Tip of the week: A word about lyrics

Vocal coach extraordinaire Mary King wants all young singers to know this: lyrics matter. Yes, drum roll please, the words that come out of your mouth when you sing are really, really crucial.

It sounds like she’s stating the obvious (and she kinda is), but in King’s experience – and she’s been a top vocal coach for years and really knows her stuff, so who are we to argue – young singers often overlook the importance of lyrics. In their enthusiasm to belt like Beyonce or showcase a Prince-like falsetto, they often fail to stop and think about the lyrics they’re singing and the story they’re trying to tell. This is a key element of performance, and integral to connecting with your audience. Ignore it at your peril.

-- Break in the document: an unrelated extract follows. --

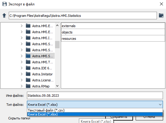 Чтобы сохранить таблицу параметров статистики, добавленных в область просмотра, нажмите кнопку "Экспорт в файл". Укажите путь сохранения файла, задайте имя и выберите формат для сохранения (доступны форматы *.csv или *.xlsx), затем нажмите кнопку "Сохранить".
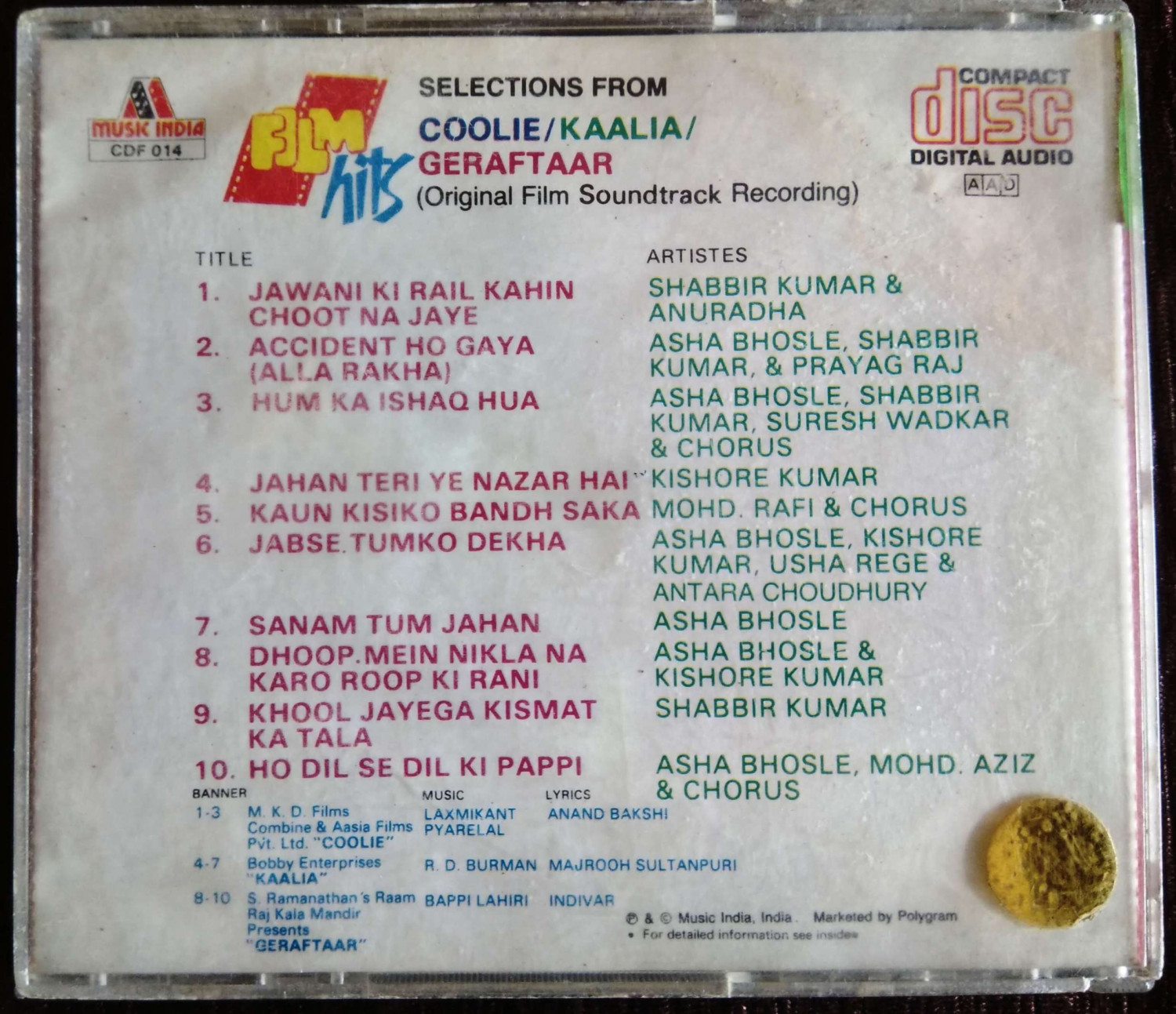 Coolie - Kaalia - Geraftaar (1983-1981-1985) Laxmikant-Pyarelal/R.D. Burman Pre-Owned Music India Audio CD

Here’s King’s take on it: “I asked a group of singer-songwriters the other day: ‘If you were songwriting, would you ever write down in a lyric a word you didn’t understand?’. They looked at me as if I had gone to Mars and stood there and said: ‘Of course not’. I said: ‘Do you know people sing words they don’t understand all the time when they’re singing other people’s music. Isn’t that weird?’. I hope they got the message.

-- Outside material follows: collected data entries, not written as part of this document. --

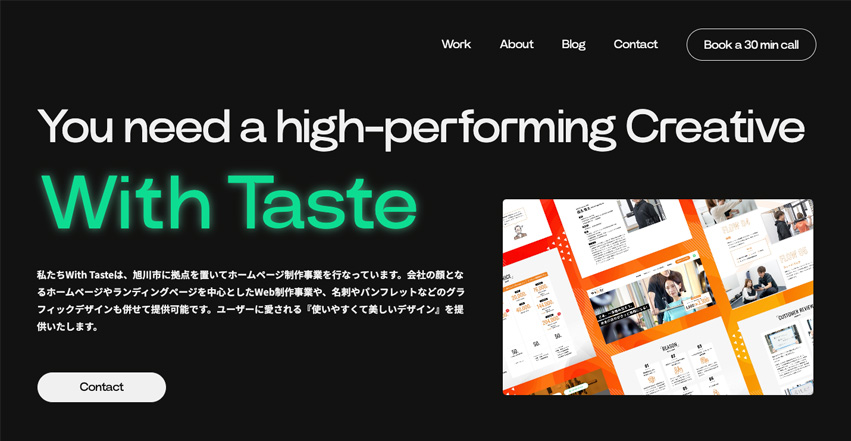 「With Taste」は、各分野のプロフェッショナルが集まるクリエイティブチームです。UXUIデザイン専門会社と海外在住の経験から、国内外問わず最新のトレンドを落とし込むディレクターと、東京のデザイン業界で10年以上のキャリアを持つデザイナー、また、スマホ対応はもちろん、アニメーションや、ワードプレスなどのCMS構築なども手掛けるエンジニアから構成されています。主な事業はホームページやLPなどのWeb制作事業です。名刺やロゴ、パンフレットなどのグラフィックデザインも得意としており、Webだけではなく、ビジネスに必要なデザインを一貫性を持って提供することが得意です。また、少人数で業務を行なっているため、レスポンスも早く小回りが利き、何よりも低単価での納品が可能です。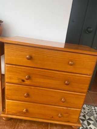 Mueble de madera con varios cajones. - Diseño clásico y funcional. - Tiradores redondos de madera.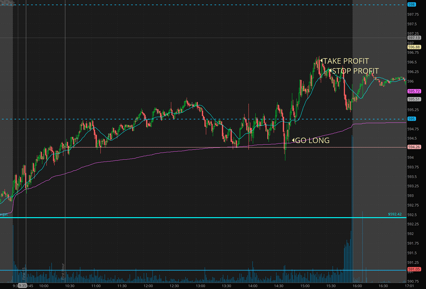 Not much to really explain except you can see how powerful the failed break down signal is. We cleared highs and pushed to 596.50.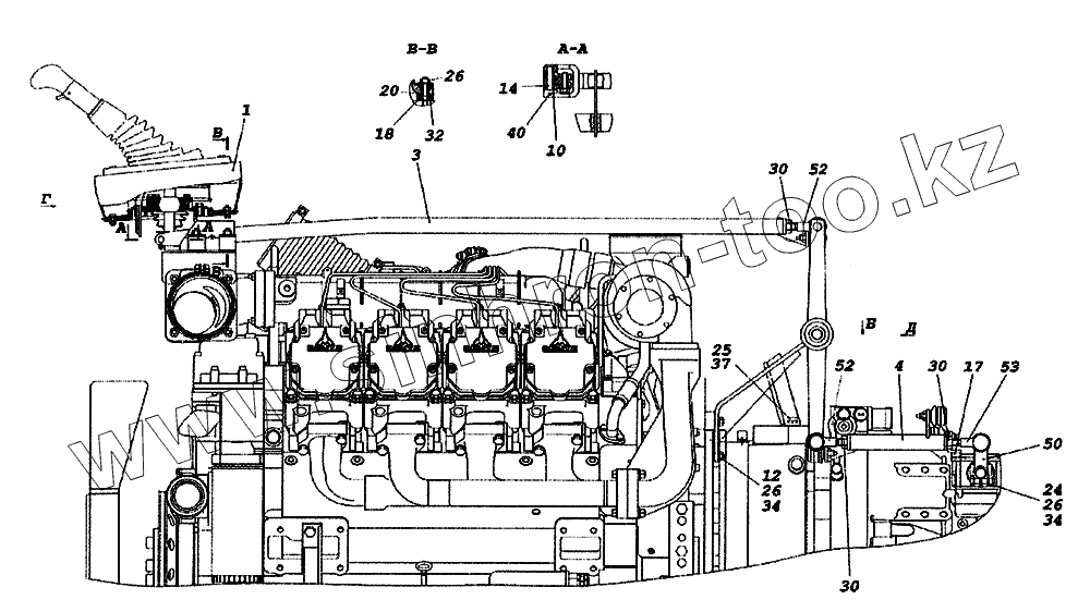 Каталог запасных частей к технике: Камский автозавод 65226. Привод управления механизмом переключения передач

“I don’t know what it is but when I teach I seem to come up more and more against a complete lack of curiosity. Students are often singing words without giving any thought about what they mean. And you can tell. They’ll be singing a song and I’ll ask them: ‘What does that mean? What is the allusion there?’. I do it all the time. It’s alarming how often they don’t know what the words mean. They can’t paraphrase. If you’re a singer and you’re not interested in text, you are going to be in trouble. This is your communicating vehicle.

“When you’re singing, Don’t change your hair for me, not if you care in My Funny Valentine, it’s not really about having a bob one week and crew cut the next. It’s about more than that, much more. Ask yourself what the meaning is behind it.

“A singing teacher I know told me that a student once stomped out of a class of his at the Guildhall saying, ‘I didn’t come on this course to do a literature degree’. My friend pointed out that, in a way, they had, as singing is the marriage of music and text. The composer had the text to start with. In order to deal with a composer, you’ve got to deal with the text.”